Netty中的ByteBuf算是中间件开发中比较常用的API了,一般我们会使用PooledByteBuf来提升性能,但是这个玩意需要我们使用以后手动进行release,如果有时候忘记手动释放的话,会出现内存泄漏。 而且这种问题一般也没那么方便的排查。不过非常幸运的是Netty已经帮我们考虑到了这个问题,它提供了自己的检测工具:

  • ResourceLeakDetector
  • ResourceLeakTracker

基本思想

他的实现原理很巧妙,不过我们先不着急说Netty的实现,我们先想想如果我们自己来弄,我们一般会面临下面3个问题:

  • 被检测的对象创建的时候,我们就需要知道他创建了,然后做一些操作,比如该标记就标记,该计数就计数,
  • 对象「无用」的时候,我们也需要知道这个时刻。这里的「无用」一般我们选择对象被GC时
  • 我们还需要一种机制来判断对象在被GC之前有没有调用某个操作,比如release或者close操作。

下面以netty 4.0.46版本来说哈。

  • 第一个问题其实很好实现,在对象的构造函数中我们就可以做这些事情,因为对象的构造函数执行的时候,就是他被创建的时候
  • 第二个问题,Netty是利用了Java中的java.lang.ref.PhantomReference和引用队列这个东西。java.lang.ref.PhantomReference有叫虚引用也有叫做幽灵引用的,叫法无所谓,它和软引用(SoftReference)弱引用(WeakReference)不同,它并不影响对象的生命周期,如果一个对象与java.lang.ref.PhantomReference关联,则跟没有引用与之关联一样,在任何时候都可能被垃圾回收器回收。而且除过强引用之外,剩余的3种引用类型都有一个引用队列可以与之配合。当java清理调用不必要的引用后,会将这个引用本身(不是引用指向的值对象)添加到队列之中。
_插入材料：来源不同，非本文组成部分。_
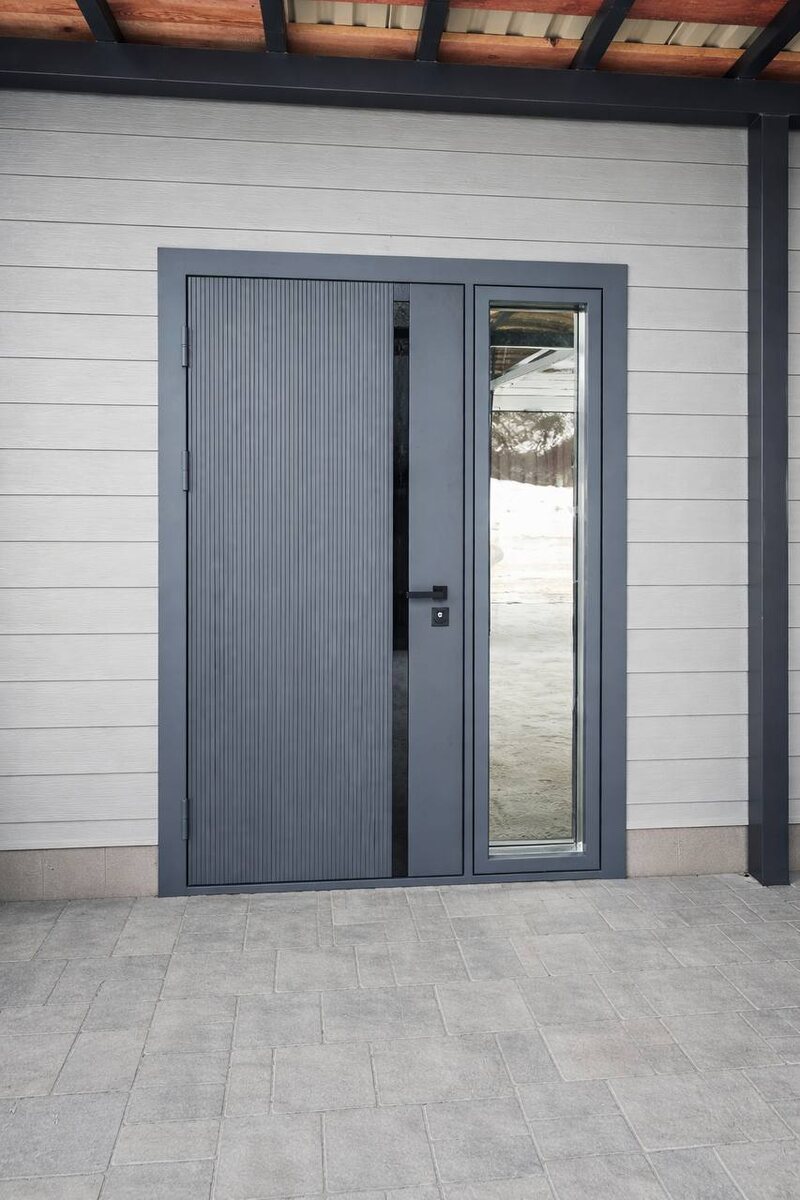 Установили входную уличную дверь с терморазрывом и большим панорамным остеклением. 🔹 Дизайн и отделка Внешняя и внутренняя отделка дверного полотна выполнена декоративными панелями МДФ, окрашенными эмалью, со вставками из чёрного стекла лакобель. Современный и универсальный вариант, который отлично вписывается как в интерьер, так и в фасад дома. 🔹 Конструкция и теплоизоляция Все наши двери с терморазрывом имеют: • толщину дверного полотна 120 мм • 4 слоя теплоизоляционных материалов • 3 контура уплотнения для максимальной герметичности Стеклопакет — толщиной 104 мм, 4-камерный, рассчитан на уличную эксплуатацию и сохранение тепла. 🔹 Фурнитура и безопасность Установлена чёрная фурнитура от российского бренда Armadillo. Замковая система — трёхригельный замок Guardian 3211 с непромерзающим цилиндром и термоштоком. 🔹 Индивидуальное изготовление Все двери мы изготавливаем на заказ: • под фактический размер дверного проёма • в нужном вам дизайне • с учётом интерьера и архитектуры до
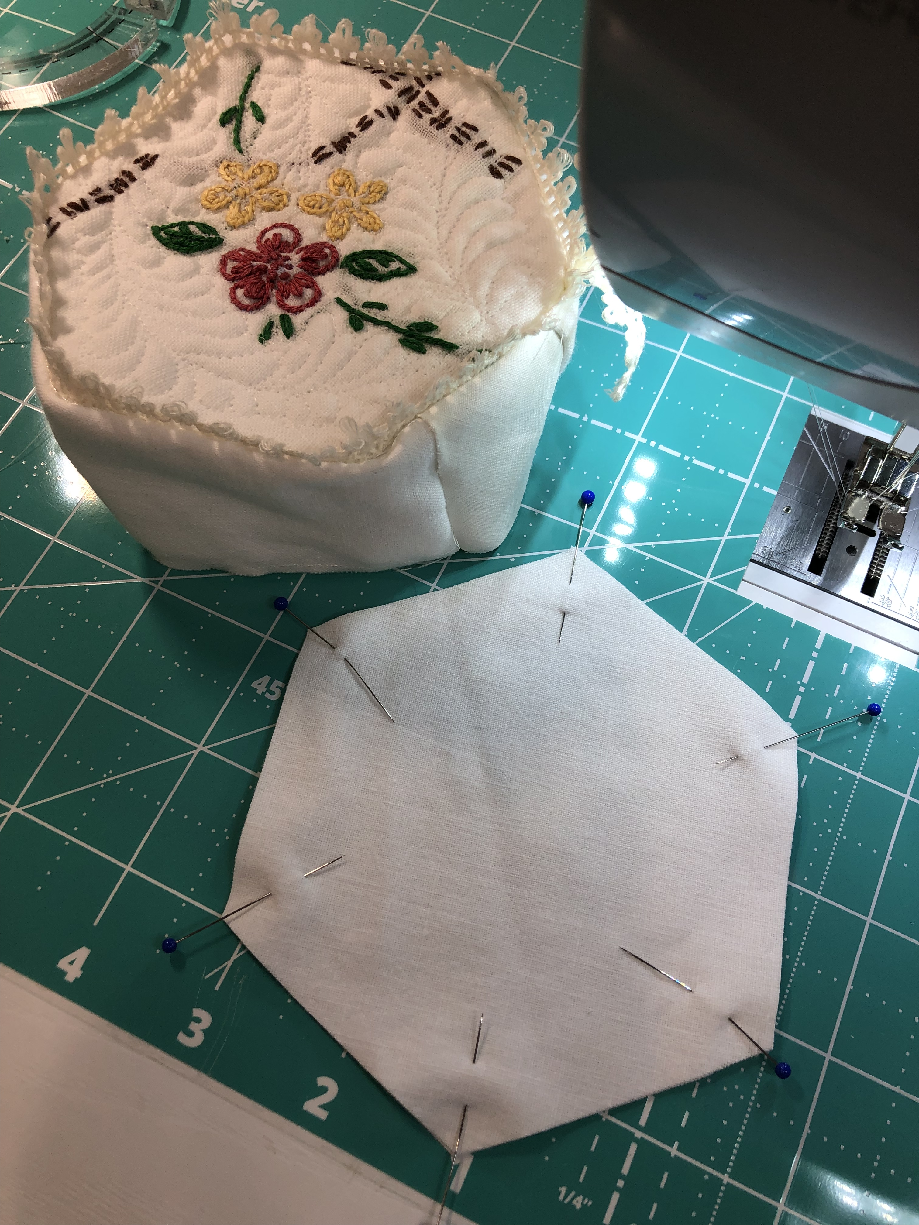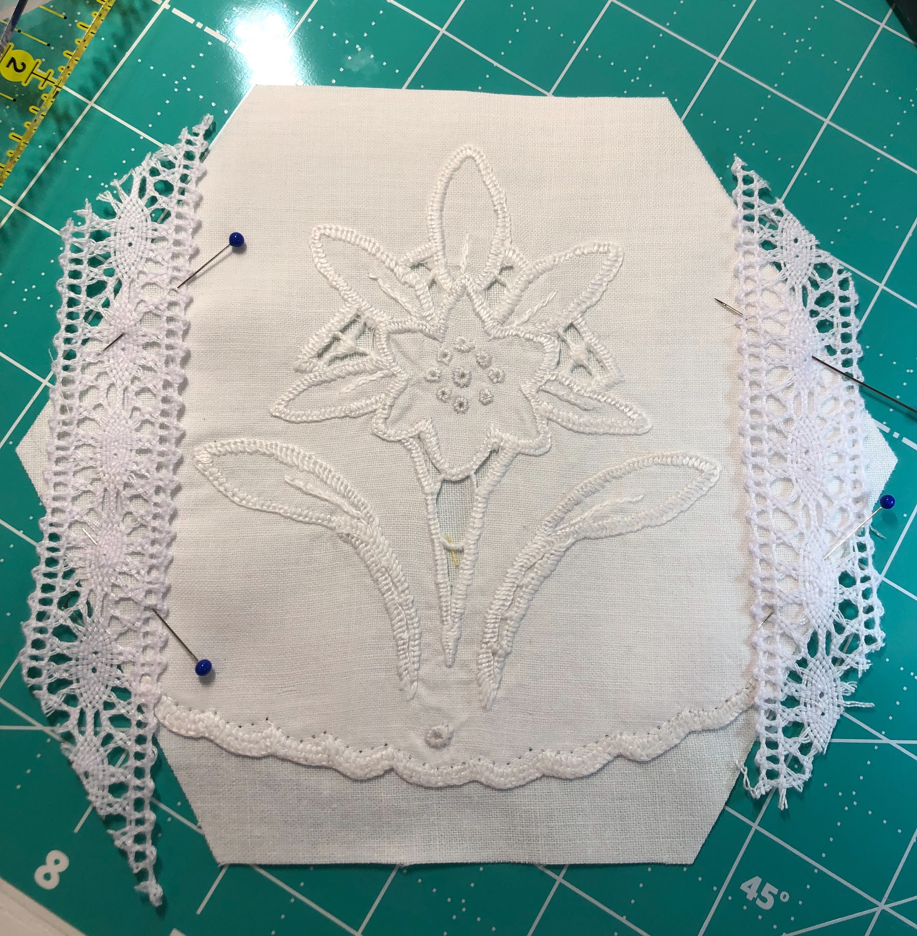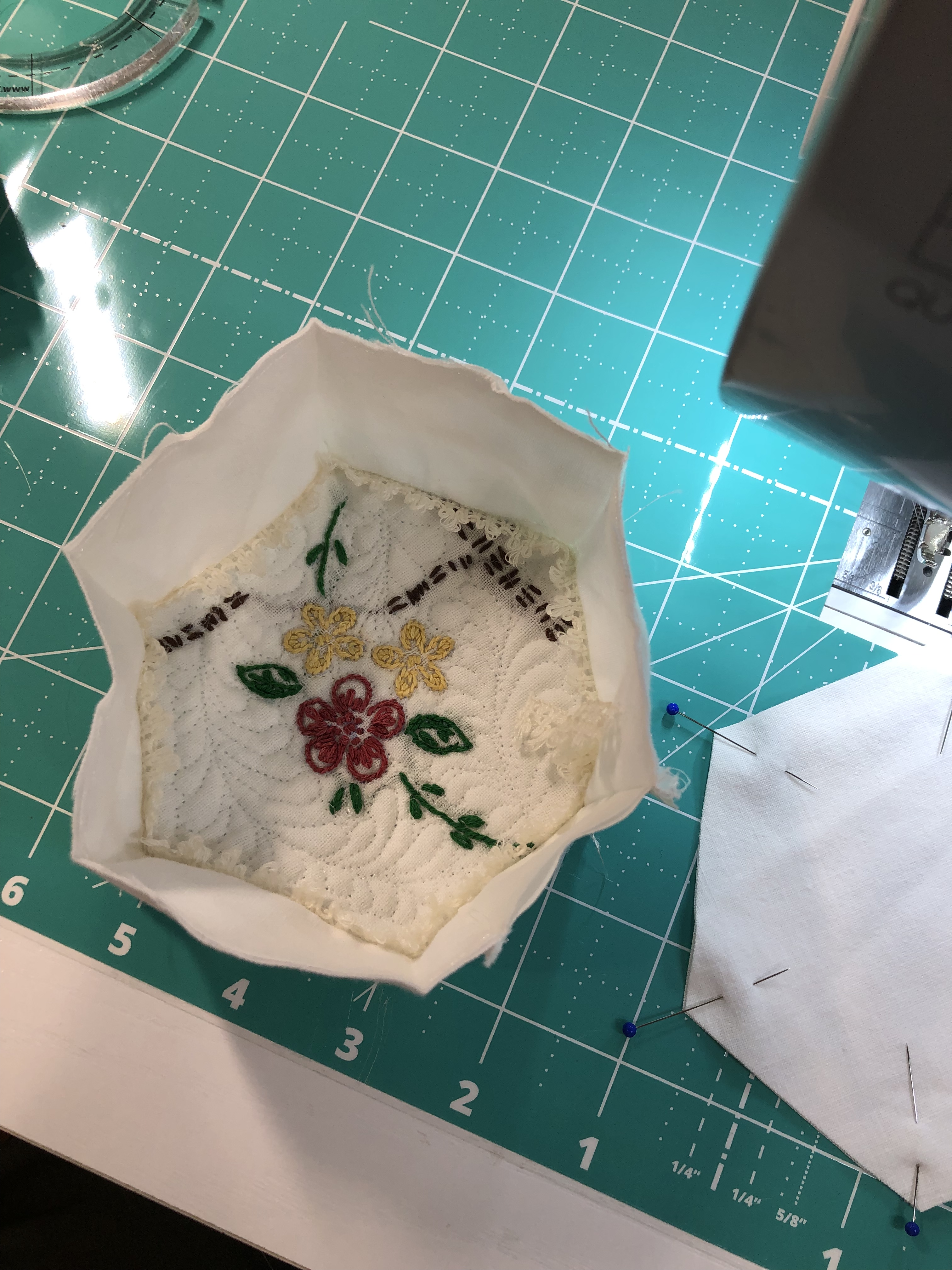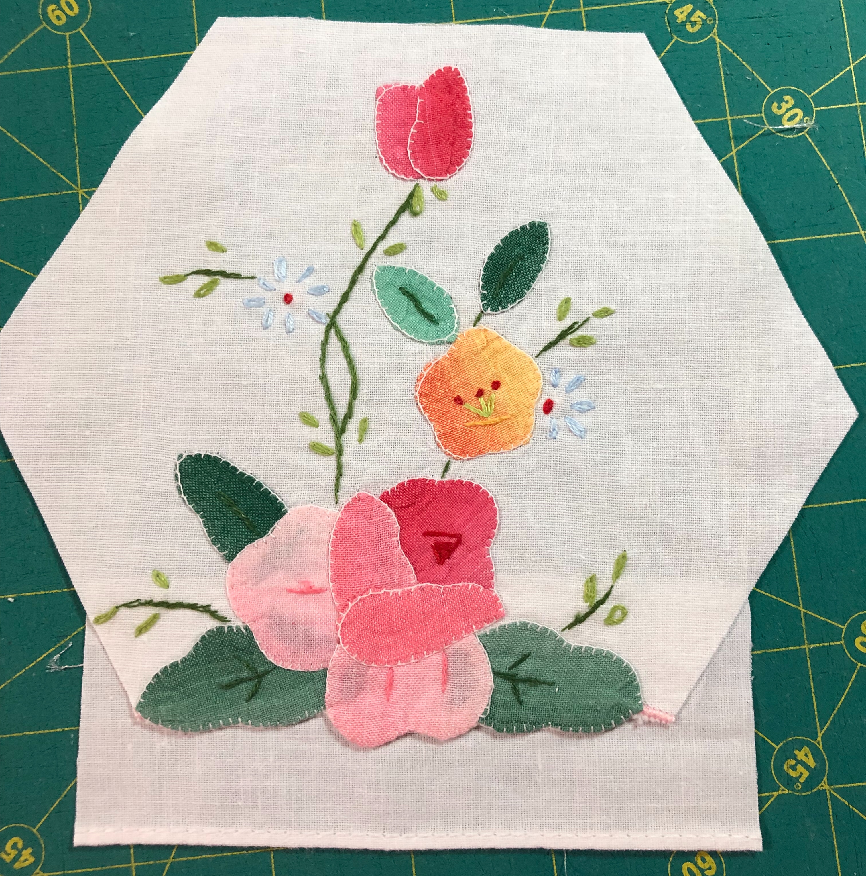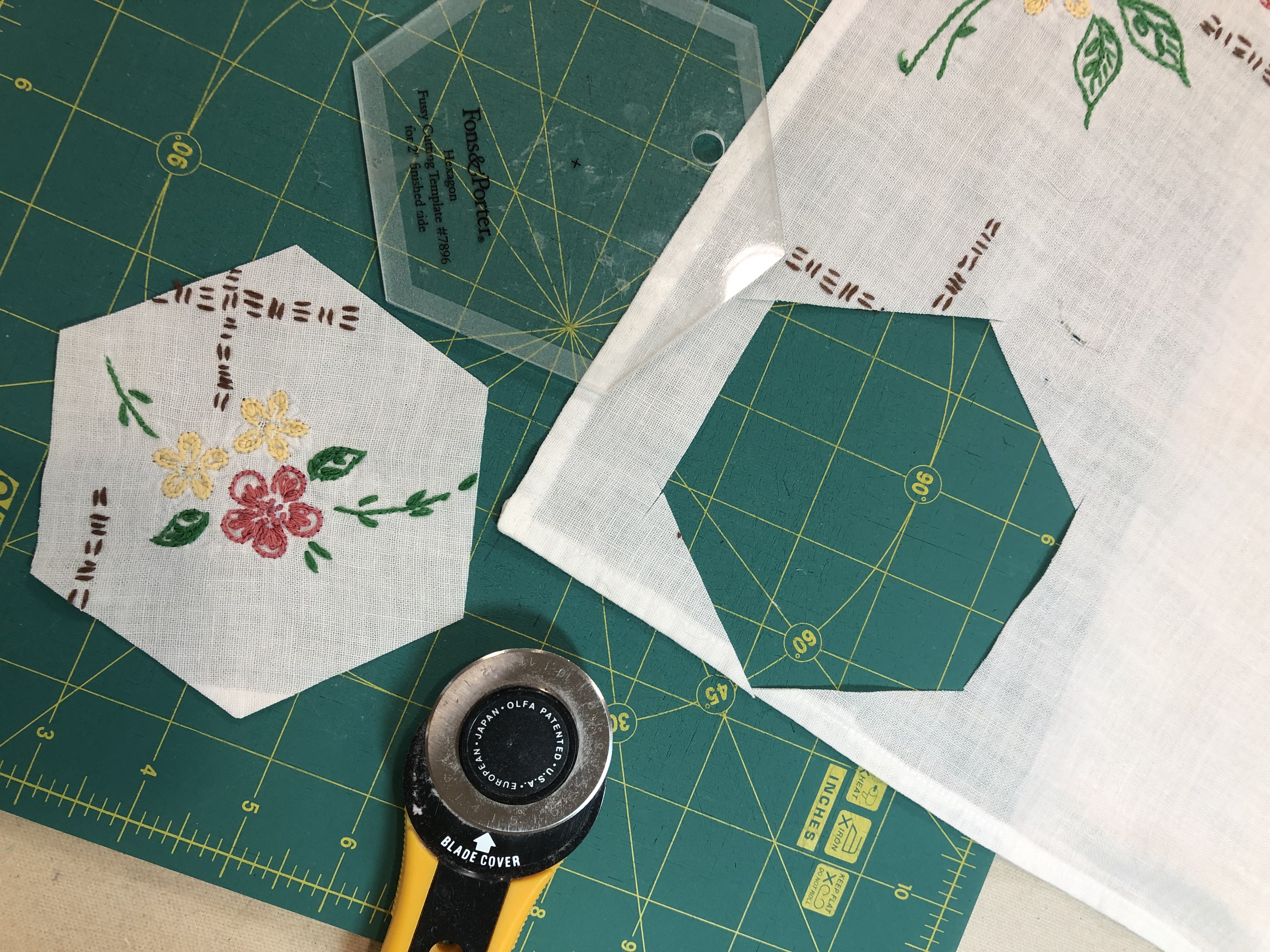 The backing fabric is cut 5/8″ larger on all sides. It is folded once to meet the raw edge of the embellished hexagon and the final fold will take it over the edge to the front where it frames the hexagon nicely and is hand stitched in place.

比如你看PhantomReference的定义:
package java.lang.ref;


/**
 * Phantom reference objects, which are enqueued after the collector
 * determines that their referents may otherwise be reclaimed.  Phantom
 * references are most often used for scheduling pre-mortem cleanup actions in
 * a more flexible way than is possible with the Java finalization mechanism.
 *
 * <p> If the garbage collector determines at a certain point in time that the
 * referent of a phantom reference is <a
 * href="package-summary.html#reachability">phantom reachable</a>, then at that
 * time or at some later time it will enqueue the reference.
 *
 * <p> In order to ensure that a reclaimable object remains so, the referent of
 * a phantom reference may not be retrieved: The <code>get</code> method of a
 * phantom reference always returns <code>null</code>.
 *
 * <p> Unlike soft and weak references, phantom references are not
 * automatically cleared by the garbage collector as they are enqueued.  An
 * object that is reachable via phantom references will remain so until all
 * such references are cleared or themselves become unreachable.
 *
 * @author   Mark Reinhold
 * @since    1.2
 */

public class PhantomReference<T> extends Reference<T> {

    /**
     * Returns this reference object's referent.  Because the referent of a
     * phantom reference is always inaccessible, this method always returns
     * <code>null</code>.
     *
     * @return  <code>null</code>
     */
    public T get() {
        return null;
    }

    /**
     * Creates a new phantom reference that refers to the given object and
     * is registered with the given queue.
     *
     * <p> It is possible to create a phantom reference with a <tt>null</tt>
     * queue, but such a reference is completely useless: Its <tt>get</tt>
     * method will always return null and, since it does not have a queue, it
     * will never be enqueued.
     *
     * @param referent the object the new phantom reference will refer to
     * @param q the queue with which the reference is to be registered,
     *          or <tt>null</tt> if registration is not required
     */
    public PhantomReference(T referent, ReferenceQueue<? super T> q) {
        super(referent, q);
    }

}

最下面的这个构造函数可以传递一个引用队列ReferenceQueue进去。

而借助这个PhantomReference和引用队列,我们其实可以知道对象啥时候「无用」了。因为我们只要在这个队列中的对象,其实都是被GC了的。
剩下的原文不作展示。